The ideal way is probably numpy.repeat
:理想的方式可能是
numpy.repeat
:
In [16]:
x1=[1,2,3,4]
In [17]:
np.repeat(x1,3)
Out[17]:
array([1, 1, 1, 2, 2, 2, 3, 3, 3, 4, 4, 4])
In case you really want result as list, and generator is not sufficient:如果你真的想要结果作为列表,而生成器是不够的:
import itertools
lst = range(1,5)
list(itertools.chain.from_iterable(itertools.repeat(x, 3) for x in lst))
Out[8]: [1, 1, 1, 2, 2, 2, 3, 3, 3, 4, 4, 4]
You can use list comprehension:您可以使用列表理解:
[item for item in x for i in range(n)]
>>> x = [1, 2, 3, 4]
>>> n = 3
>>> new = [item for item in x for i in range(n)]

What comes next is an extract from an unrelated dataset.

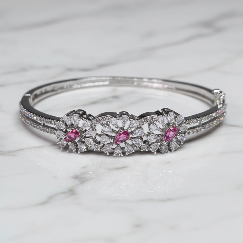 Silver-plated openable bracelet featuring three floral clusters with central pink marquise-cut stones surrounded by white CZ stones. The bands are also adorned with small white CZ stones.
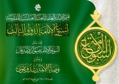 ويقام المؤتمر في تاريخ 22 ذي الحجة 1446هـ ضمنَ فعاليات أسبوع الإمامة العِلميّ الدَّولي الثالث، الذي ستنظّمه الأمانة العامّة للعتبة العبّاسيّة المُقدّسة، تحت شعار: (النبوةُ والإِمامةُ صِنوان لا يفترِقان) وبعنوان: (وصايا الأئمَّة رشد وتقوى).

#[1, 1, 1, 2, 2, 2, 3, 3, 3, 4, 4, 4]
A simpler way to achieve this to multiply the list x
with n
and sort the resulting list.实现此目的的更简单方法是将列表
x
与n
相乘并对结果列表进行排序。 eg例如
>>> x = [1,2,3,4]
>>> n = 3
>>> a = sorted(x*n)
>>> a
>>> [1, 1, 1, 2, 2, 2, 3, 3, 3, 4, 4, 4]
A nested list-comp works here:一个嵌套的 list-comp 在这里工作:
>>> [i for i in range(10) for _ in xrange(3)]
[0, 0, 0, 1, 1, 1, 2, 2, 2, 3, 3, 3, 4, 4, 4, 5, 5, 5, 6, 6, 6, 7, 7, 7, 8, 8, 8, 9, 9, 9]
Or to use your example:或者使用您的示例:
>>> x = [1, 2, 3, 4]
>>> n = 3
>>> [i for i in x for _ in xrange(n)]
[1, 1, 1, 2, 2, 2, 3, 3, 3, 4, 4, 4]
[myList[i//n] for i in range(n*len(myList))]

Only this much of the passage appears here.